Einst war die Wüste der exemplarische Ort geistlicher Erfahrung. Wie es gelingen kann, daraus unter heutigen Vorzeichen zu lernen, erläutert Isabella Bruckner.
Die Wüste hat die Menschen schon immer fasziniert – sei es auf romantische Weise, als Ort wilder „Ur-Erfahrung“ von Natur und Elementen sowie als Ort der Freiheit von gesellschaftlichen Zwängen, sei es in ihrer unendlichen Weite, die für den Menschen aufgrund der unbarmherzigen Hitze aber auch schnell die Gefahr des Todes bedeuten kann. Bereits in der Topographie des alten Ägypten hatte die Wüste einen bedeutsamen Ort dargestellt, nämlich als Raum des Todes und dementsprechend als Begräbnisstätte.[1] Dennoch hatten die Bewohner:innen des vorchristlichen Altertums es nie unternommen, die Wüste zu besiedeln oder sie zu bewohnen. Obwohl also die Gräber besucht und Opfergaben dargebracht wurden, waren die Familienmitglieder nie länger an den Gedenkstätten verblieben.[2] Die christlichen Eremitinnen und Eremiten pflegten demengegenüber einen anderen Zugang zur Wüste. Sie suchten die Wüste auf, um Gott gerade im Ungastlichen und scheinbar Unmenschlichen zu begegnen. Ihnen wurde sie zu ebenjenem Ort, an welchem sie die imitatio Christi zu leben versuchten, nachdem mit der Anerkennung des Christentums als Staatsreligion das Blutmartyrium als ultimatives Glaubenszeugnis Kontext und Notwendigkeit verloren hatte.

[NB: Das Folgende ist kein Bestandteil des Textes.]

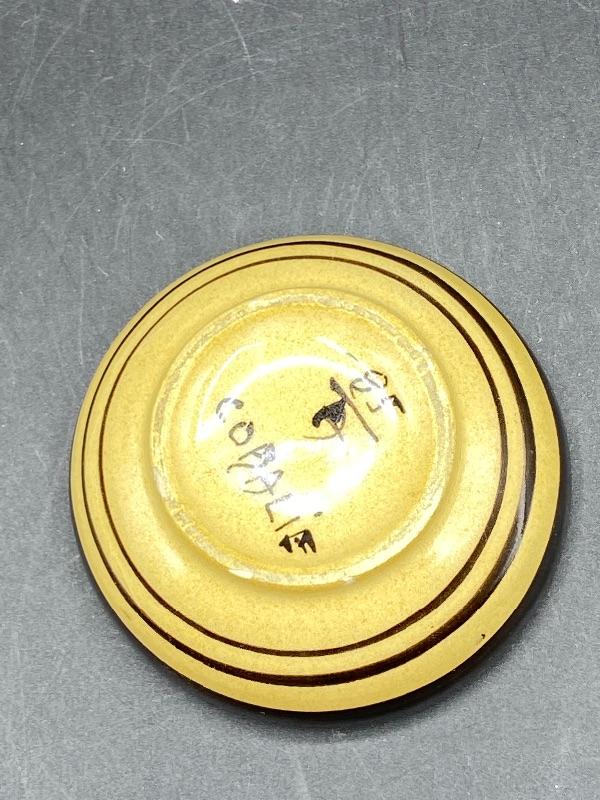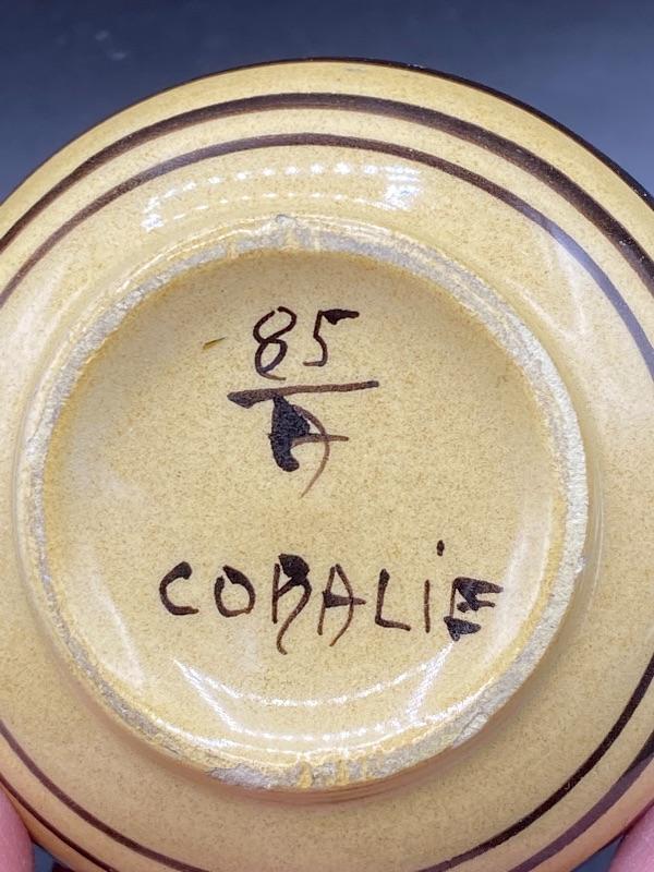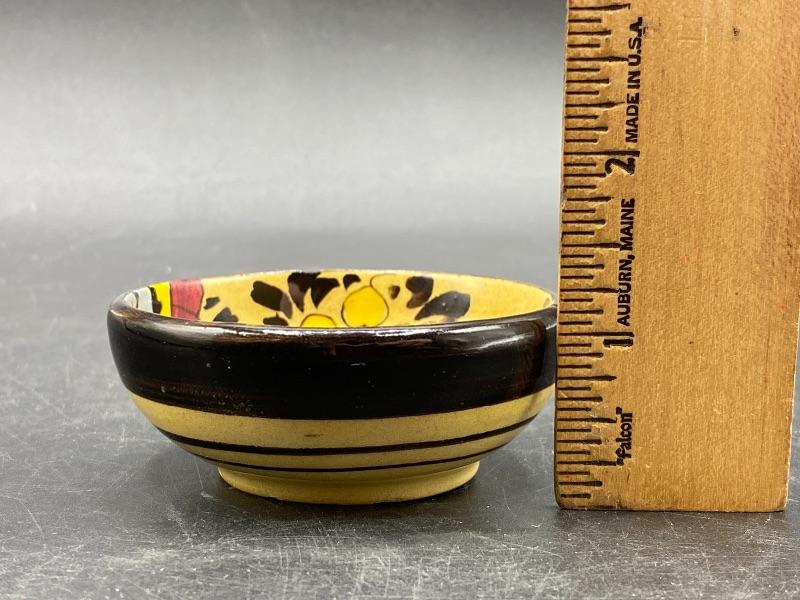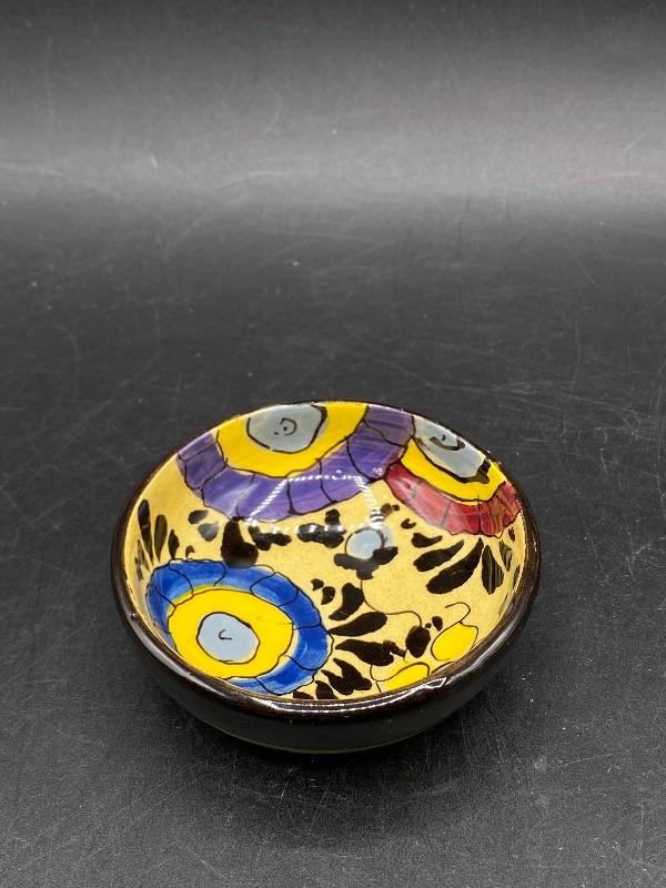 Small artist signed pottery bowl. Almost 3" diameter. Has flowers painted inside. Bottom is signed "85/A Coralie" it looks like. Good condition.

Die Erde war wüst und wirr
Die Wüste als Ort und Element nimmt auch in den biblischen Texten eine prominente Rolle ein. Sie findet sich schon in den ersten Versen der biblischen Texte. Im Anfang der Schöpfung sind Wasser und Erde noch wild und unbelebt. Die deutsche Einheitsübersetzung verwendet für den hebräischen Ausdruck tohuwabohu sogar dezidiert eine adjektivische Form des Wortes „Wüste“, um den chaotischen Urzustand zu beschreiben: „Die Erde war wüst und wirr“ (Gen 1,2). Die Septuaginta übersetzt hingegen mit aóratos, was wörtlich „nicht sichtbar“ bedeutet. Dies legt nahe, warum die Wüste als realer Ort für den Menschen so bedrohlich ist: Es gibt in ihr – zumindest für das ungeübte Auge – keine signifikanten Formen der Ordnung, keine Anhaltspunkte, die dem Menschen ein Sehen im Sinne einer Orientierung und damit im Weiteren Schutz vor der elementaren Ausgesetztheit seiner Existenz anbieten könnten. Der Mensch ist in der Wüste ohne positive Hinweise, die ihm eine Richtung weisen, schlichtweg verloren.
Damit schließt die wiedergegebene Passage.